Bezzecchi ha chiuso sul podio al termine di un weekend nel quale, a suo giudizio, il passo non era sufficiente per puntare alla vittoria. “Sapevo che il mio passo non era il migliore e ho lottato per essere sul podio”, ha spiegato il pilota Aprilia, soddisfatto del risultato ottenuto.

Il terzo posto è arrivato dopo il duello iniziale con Márquez e la successiva perdita della seconda posizione a favore di Acosta. “Duellare con Marc è stato bello, oggi era imbattibile. Peccato aver perso il secondo posto su Acosta, avrei voluto battagliare un po’ di più”, ha aggiunto Bezzecchi.

La gara ha invece riservato un’altra giornata negativa a Francesco Bagnaia. Il pilota Ducati è caduto al 18° giro quando occupava la settima posizione.

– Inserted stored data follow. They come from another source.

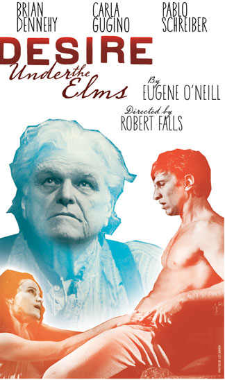 The Goodman Theatre’s Desire Under the Elms has come to the St. James Theatre.  Last night was the first night of previews in this limited NYC production.  Starring Brian Dennehy, Carla Gugino (Suddenly Last Summer) and Pablo Schreiber (Awake and Sing) and directed by Robert Falls (Death of a Salesman, Long Days Journey into Night) this remarkable production is going to create a stir.  The play itself (Eugene O’Neill) holds few surprises but packs an emotional wallop nonetheless.  It has good structure and as bizarre as this sounds, is the perfect starting point for this production. What is really going on, on the very large stage, is cinematic in scope.  This production is HUGE.  There are hydraulics, gargantuan set pieces, farm animals and lots of smashing and hurling.  It is a credit to the cast that they were never overpowered by the set and design.  There is an actual house that is raised and lowered throughout the production, which often hangs over the family.  Metaphor aside, I was terrified.  Call me a worry wart, but I did not entirely trust the cables.  This being the first night, the hydraulics were often a bit slow on the uptake, leaving yawning holes in the stage for minutes.  I was concerned for the actors’ safety.  All of this motion is not actually distracting; in fact it takes a relatively sedate play and brings it into the 21st century attention span demands. Music is used as a powerful device in this production.  There is one scene that has no dialogue, just a riveting musical accompaniment, lending a modern cinematic touch.  At one point a “violinist” comes on upstage.  He is obviously “bow synching” his playing (I’m not sure why) and lends an edgy touch.  The opening and closing music that accompanies father and sons as they tow rocks is pitch perfect in tone and emotion. The set is very dark, and the music works to give it a more colorful dimension.  The set and costuming echoes the bleakness of the storyline, and in such a large space does not feel overly oppressive.
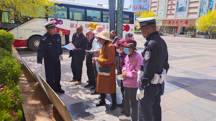 【白水公安交警进广场开展交通安全宣传】为深入开展“一盔一带”交通安全宣传,提高交通参与者遵守交通法规的自觉性和安全出行意识,预防道路交通事故的发生。2023年4月10日上午,白水县公安局交通管理大队利用群众集中外出健身时段,组织民警走进中心广场开展交通安全宣传活动。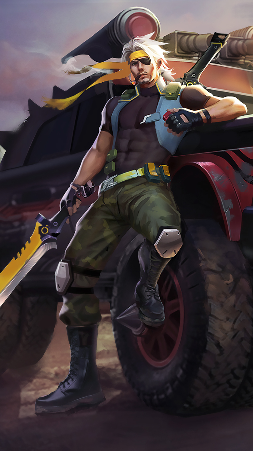 Edytor tapety: Mężczyzna z nożem przy samochodzie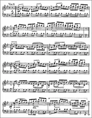 La Variación 8 continúa la excitación rítmica de la Variación 7, la mano izquierda golpea, en la misma nota una y otra vez, el mismo ritmo anapéstico que la variación anterior. Después de unos compases, las dos voces de la mano derecha se invierten. Una fermata al final proporciona un momento de silencio antes de que comience la variación 9 y señala el final de la primera sección.

Fuori anche Franco Morbidelli, caduto, Raúl Fernández, costretto al ritiro da un problema alla frizione, e Toprak Razgatlioglu, scivolato nelle fasi finali.

La classifica d’arrivo vede quindi Márquez davanti ad Acosta e Bezzecchi, con Álex Márquez quarto e Martín quinto. Aldeguer e Di Giannantonio completano le prime sette posizioni. La MotoGP tornerà in pista dall’11 al 13 settembre a Misano, per il Gran Premio di San Marino e della Riviera di Rimini.

Ordine d’arrivo del Gran Premio di Aragon

  1. Marc Márquez (Ducati) 41:10.969
  2. Pedro Acosta (KTM) +1.754
  3. Marco Bezzecchi (Aprilia) +3.629
  4. Álex Márquez (Ducati) +8.687
  5. Jorge Martín (Aprilia) +12.572
  6. Fermín Aldeguer (Ducati) +17.687
  7. Fabio Di Giannantonio (Ducati) +23.136
  8. Enea Bastianini (KTM) +25.741
  9. Diogo Moreira (Honda) +25.899
  10. Brad Binder (KTM) +26.441
  11. Jack Miller (Yamaha) +27.206
  12. Joan Mir (Honda) +27.999
  13. Álex Rins (Yamaha) +28.276
  14. Luca Marini (Honda) +29.794
  15. Johann Zarco (Honda) +30.003
  16. Pol Espargaró (KTM) +35.874
  17. Lorenzo Savadori (Aprilia) +49.761
  18. Fabio Quartararo (Yamaha) +51.657

Ritirati: Toprak Razgatlioglu (caduta), Raúl Fernández (problema alla frizione), Franco Morbidelli (caduta), Francesco Bagnaia (caduta).